Although the FNR for Black women is around the same for White women, it is still higher than the FNR for White men, which is still higher than for Black men.

Conclusion

What groups of people could stand to benefit from a system that is able to predict the label you predicted, such as income or employment status?
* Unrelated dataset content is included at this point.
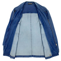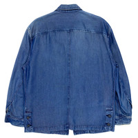 Multi-media research on influential designers. Find our website for more information. --- SS93 Denim Work Suit ISSEY MIYAKE MEN Spring/Summer 1993 100% cellulose fiber (unspecified) Made in Japan π―π΅ Jacket size: M Shoulder width: 20" / 51 cm Chest width: 23.5" / 60 cm Sleeve length: 24.5" / 62 cm Body length: 30.5" / 77 cm Pants size: L Waist: 16" / 41 cm Thigh: 12" / 31 cm Rise: 14.5" / 37 cm Inseam: 30.5" / 77 cm Length: 42" / 107 cm Leg opening: 7" / 18 cm --- Denim work suit from ISSEY MIYAKE MEN, Spring/Summer 1993. This beautiful ensemble comes from one of Issey Miyake's best menswear collections, one heavily marked by sportswear and the Olympics. In this case, the jacket is more closely related to workwear due to its semblance of a chore jacket. The cellulose fabric is lightweight and smooth and has a somewhat iridescent shine to it. The fit is loose and casual yet elegant. The suit is in great condition. Take note that there are some dirt spots, although they are hard to see.
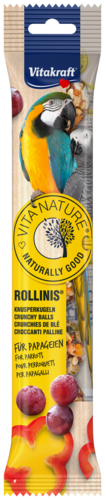 Vous voulez surprendre votre balle de plume avec une friandise ? Puis variez-le avec le Vitakraft Rollinis. Les boules contenant des graines, des fruits et des légumes ne sont pas seulement <strong>incroyablement savoureuses</strong>, elles constituent également <strong>un jouet actif</strong> pour les perroquets. Les Rollinis sont destinés à être posés librement sur le sol. En raison de leur forme ronde, le perroquet doit faire un effort supplémentaire pour les manger. Les Rollinis de Vitakraft sont un en-cas amusant et savoureux, préparé sans colorants artificiels et sans antioxydants. Le snack est emballé par Aroma Fresh, de sorte que les Rollinis restent bien croustillants.

For example, what kinds of companies might want to buy your model for commercial use?
- Companies who want their customers to be employed, such as insurance companies or banks giving out loans, might want to predict a person’s employment status.
  
  People benefitted will have disproportionate access to such financial resources.
Based on your bias audit, what could be the impact of deploying your model for large-scale prediction in commercial or governmental settings?
- The impact will be inequality in financial tools and resources, which can compound to large differences in wealth, quality of life, and even life expectancy.
Based on your bias audit, do you feel that your model displays problematic bias? What kind (calibration, error rate, etc)?
- The model displays calibrational bias, error rate bias, and intersectional bias, across the 9 race groups surveyed, despite not including race in the fitting process.
Beyond bias, are there other potential problems associated with deploying your model that make you uncomfortable?

How would you propose addressing some of these problems?
- That this model is a reflection of the ongoing injustices concerning the group surveyed, since the model fitting did not take race into account.
Some of the variables surveyed might also not be changable, in the short run or in a lifetime, so perhaps these variables should be stripped from our model, or at least be subject to scrutiny like that in, say, the Fair Housing Act.